Yesterday this photo popped up from exactly 10 years ago. My initial response was a smile and the surprise of seeing how young the boys were on that trip.
We were at Wall Drug on our way out west for one of our first longer trips. This was the second straight day of ice cream, we were all pretty pumped. The entire vacation itself was so much fun, we created many memories together.
In many ways it was a peak when one thinks of life as a series of peaks and valleys. Behind the camera it was quite the opposite, it was one of my biggest professional valleys.

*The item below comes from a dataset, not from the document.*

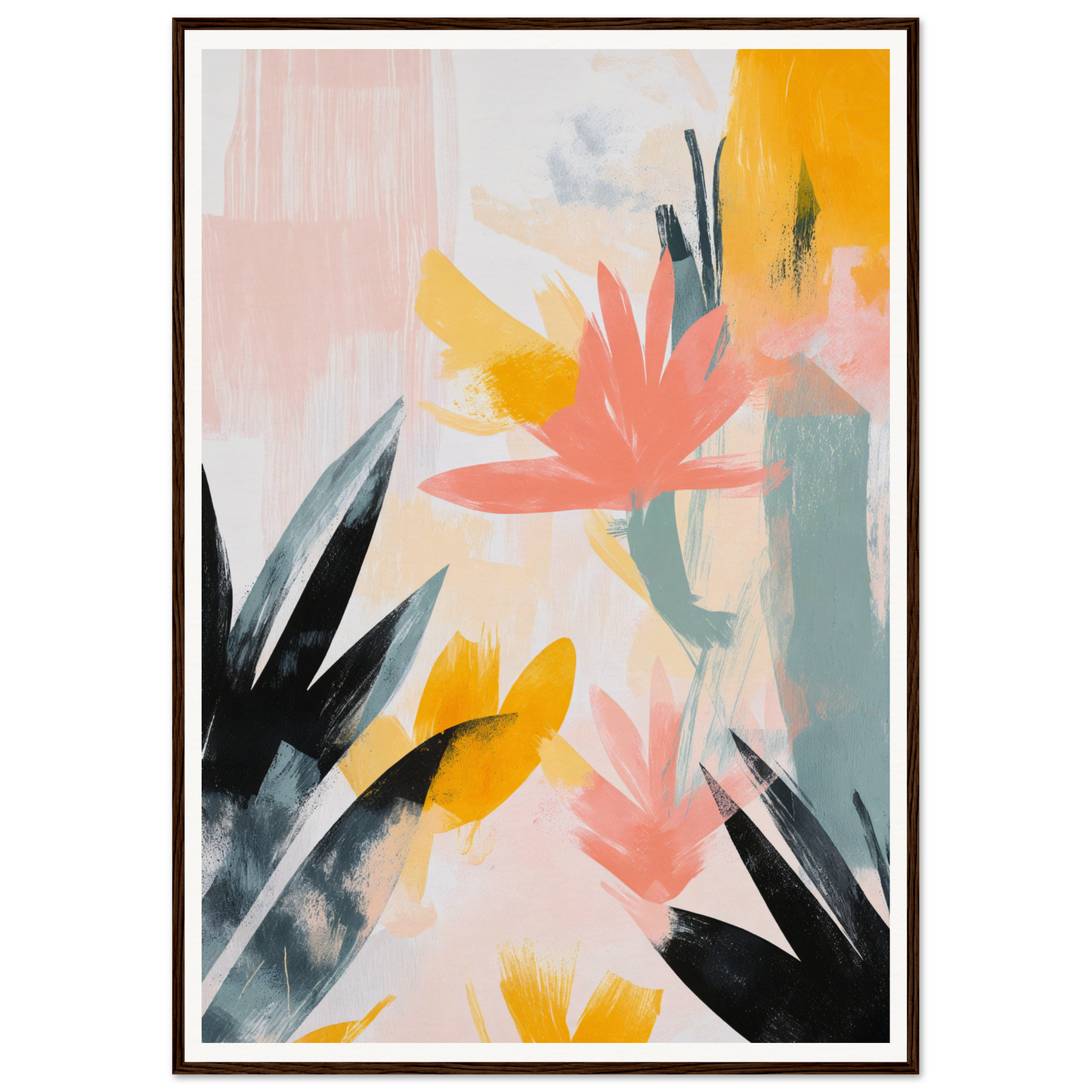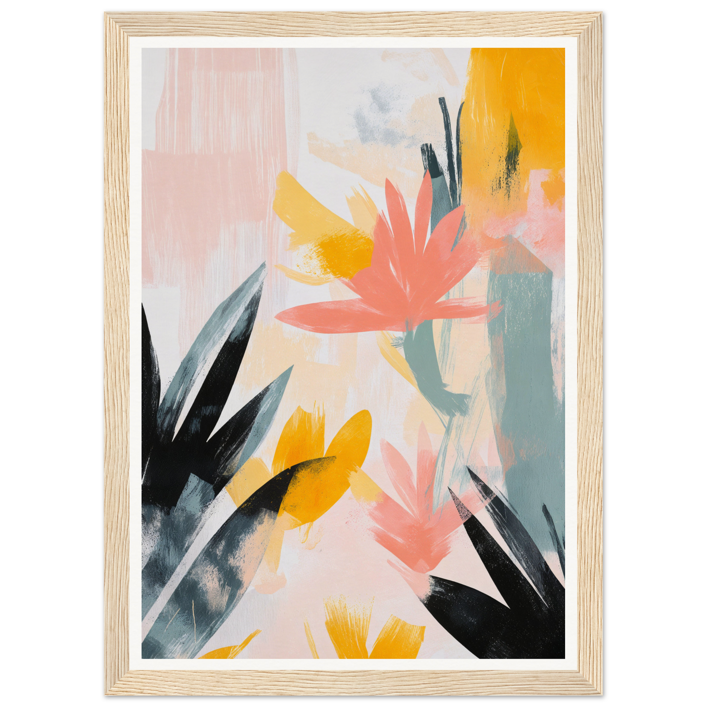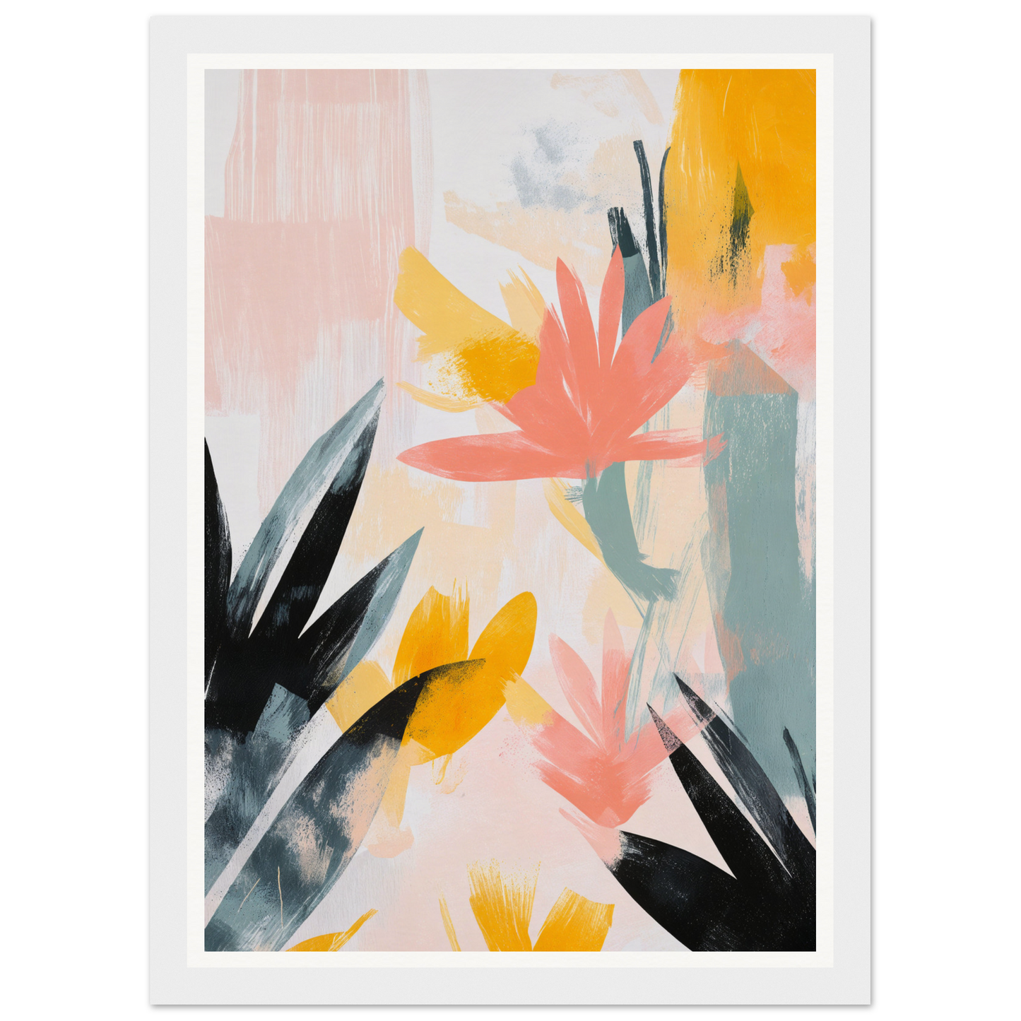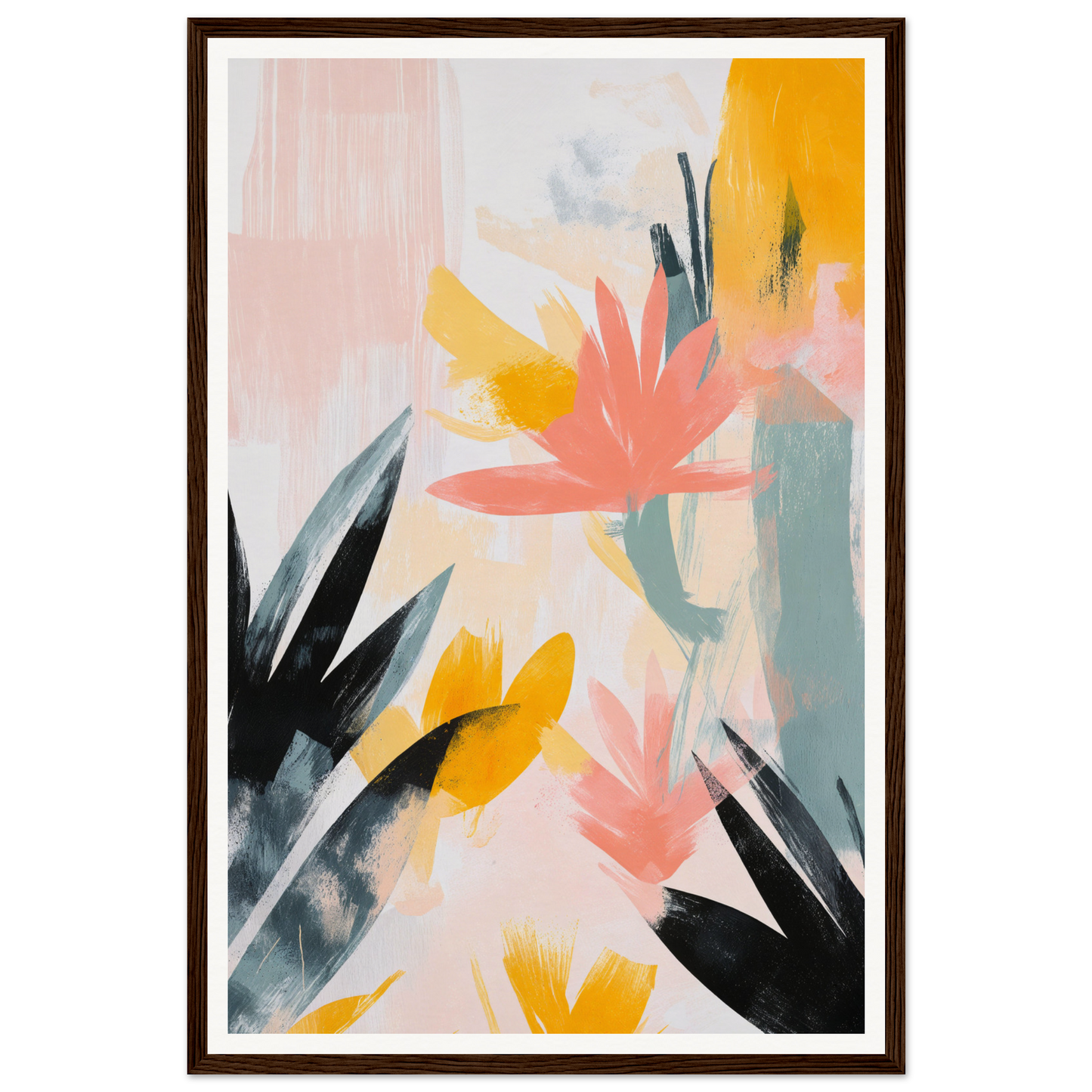 Immerse yourself in a palette of warmth and vitality. The soft pink background, intertwined with vivid yellow, coral, deep blacks, and teal, forms a harmonious abstract floral and leaf theme that encourages both serenity and lively contemplation.

There is no need to get into the details – all that matters is the fact that the impossibly difficult situation unfolded while, and specifically because, I was out of the office on vacation with my family. Through that situation I learned much about myself and my values. In the moment I don’t know that I’ve been as furious in a professional setting, yet it helped to shape who I would become. I had to live through it, work through it, and grow because of it in order to work on closing the gap between who I am and who I should be. The pain was extreme, the valley was deep, but thanks to it I was able to start climbing back up.
It is so easy to remember the peaks, the successes. It is just as important to remember the valleys, the failures. Those are the moments which make the successes possible.
When I look at that picture I still feel the pain of the lessons learned that day. While it still stings I feel more joy and elation because of the peaks the valley lay between.